Task material START

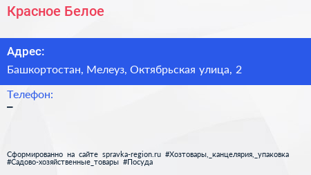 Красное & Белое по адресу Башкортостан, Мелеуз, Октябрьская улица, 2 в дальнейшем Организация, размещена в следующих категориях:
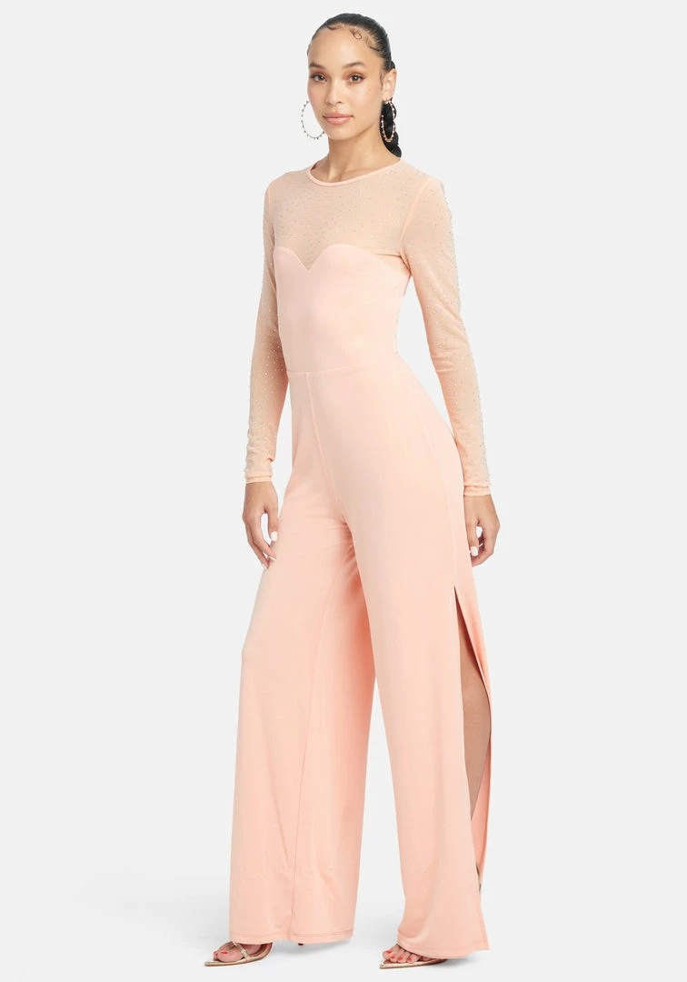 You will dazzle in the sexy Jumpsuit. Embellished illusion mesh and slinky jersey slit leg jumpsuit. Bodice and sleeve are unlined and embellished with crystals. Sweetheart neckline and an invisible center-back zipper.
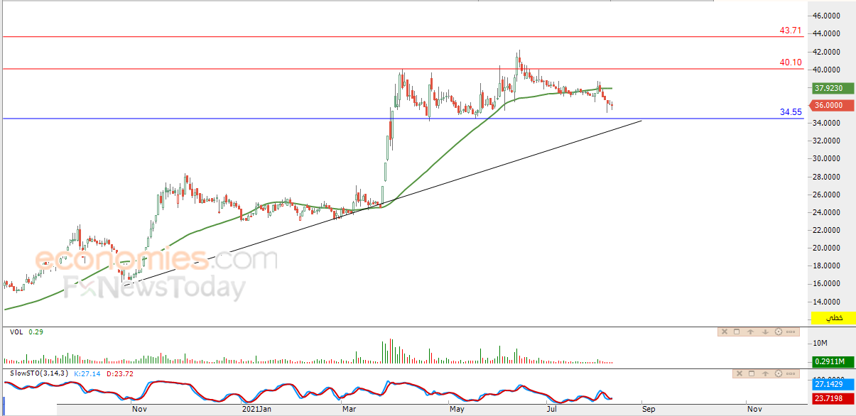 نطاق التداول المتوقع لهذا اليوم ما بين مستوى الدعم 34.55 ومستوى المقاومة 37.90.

Task material END
Task material START

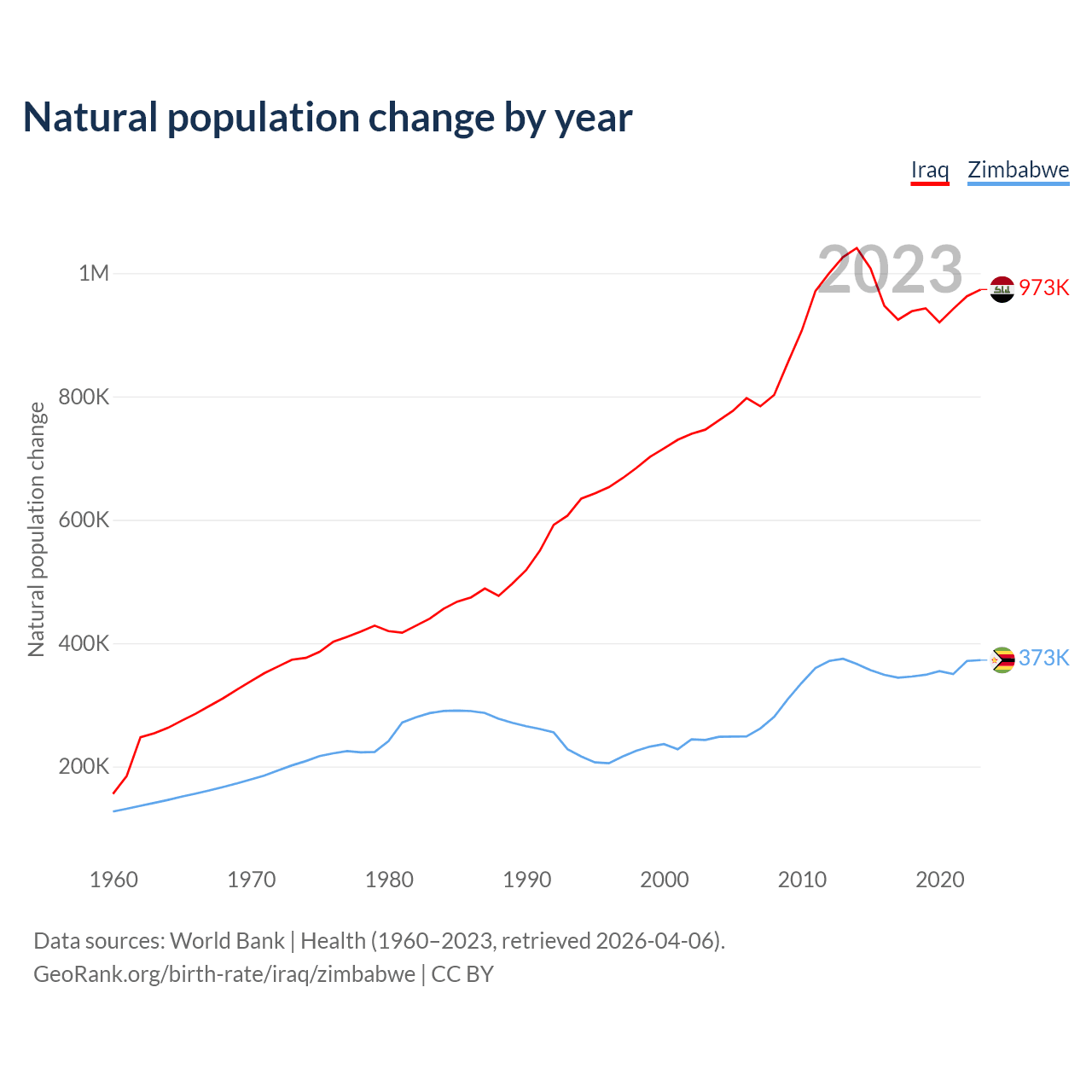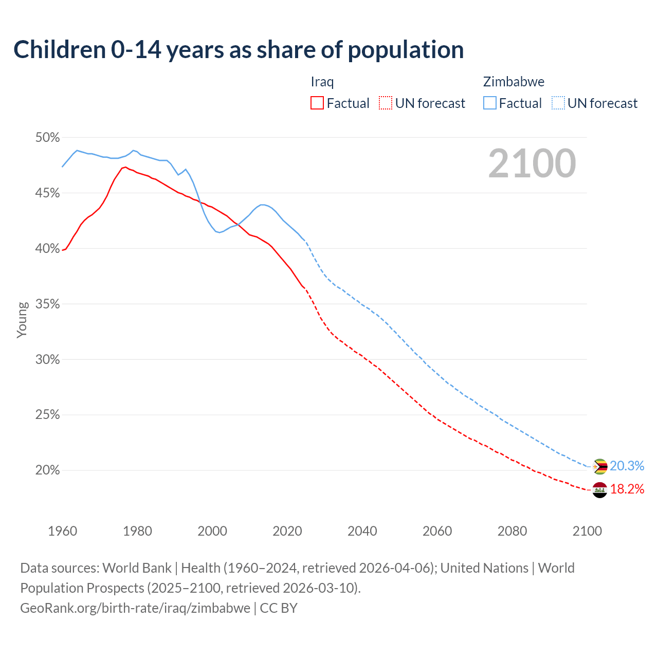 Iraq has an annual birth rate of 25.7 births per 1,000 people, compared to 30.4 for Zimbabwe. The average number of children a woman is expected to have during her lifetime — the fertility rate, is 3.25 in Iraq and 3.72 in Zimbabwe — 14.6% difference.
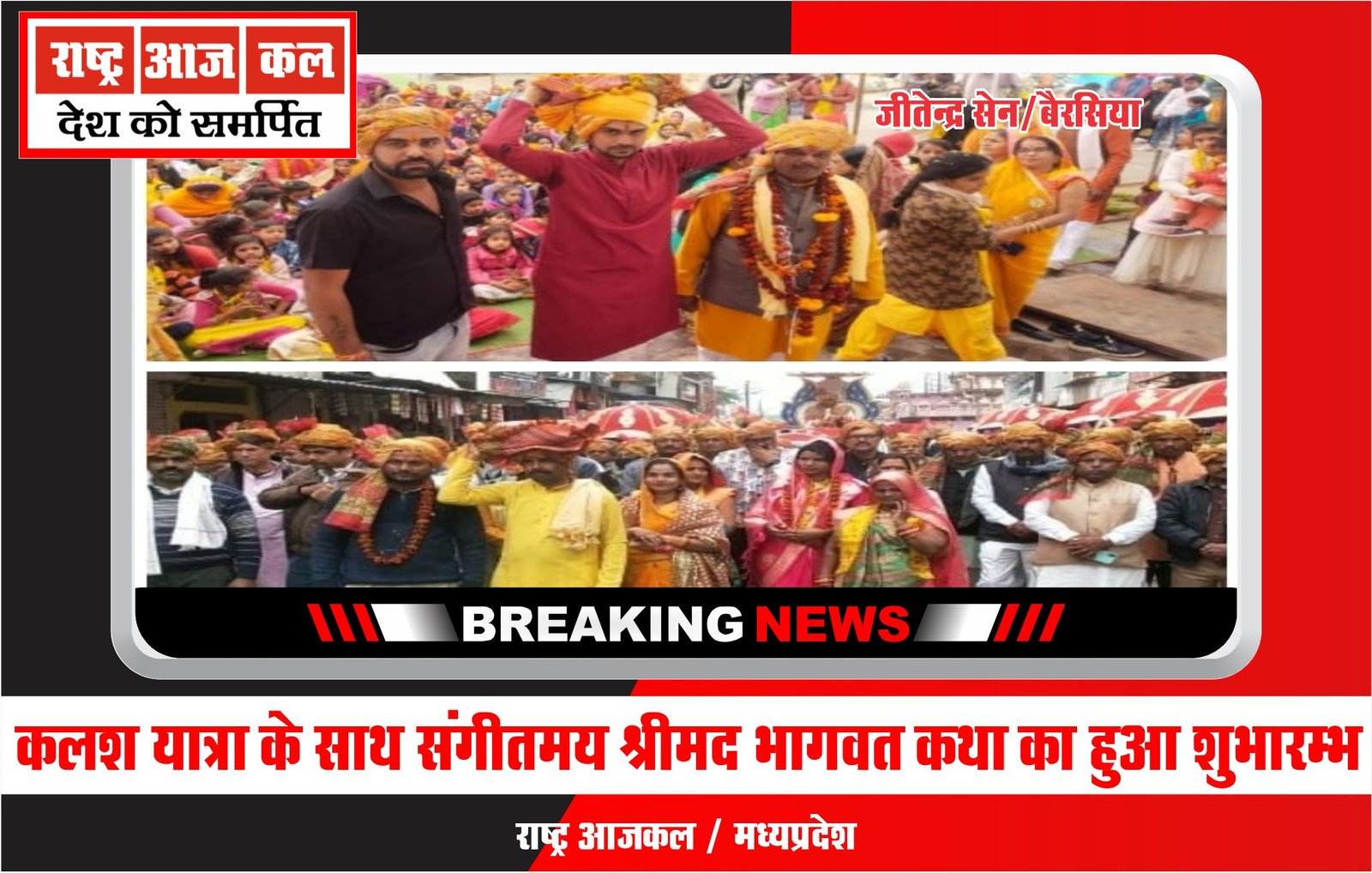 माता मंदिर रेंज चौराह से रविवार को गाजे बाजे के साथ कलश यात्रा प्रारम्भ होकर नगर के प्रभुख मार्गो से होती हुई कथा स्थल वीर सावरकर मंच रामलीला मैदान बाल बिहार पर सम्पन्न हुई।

Task material END

Reproduce the listing above only between the lines holding "Iraq has an" and "माता मंदिर रेंज", inclusive. Every line must match exactly, and pictures are dropped.

 Iraq has an annual birth rate of 25.7 births per 1,000 people, compared to 30.4 for Zimbabwe. The average number of children a woman is expected to have during her lifetime — the fertility rate, is 3.25 in Iraq and 3.72 in Zimbabwe — 14.6% difference.
 माता मंदिर रेंज चौराह से रविवार को गाजे बाजे के साथ कलश यात्रा प्रारम्भ होकर नगर के प्रभुख मार्गो से होती हुई कथा स्थल वीर सावरकर मंच रामलीला मैदान बाल बिहार पर सम्पन्न हुई।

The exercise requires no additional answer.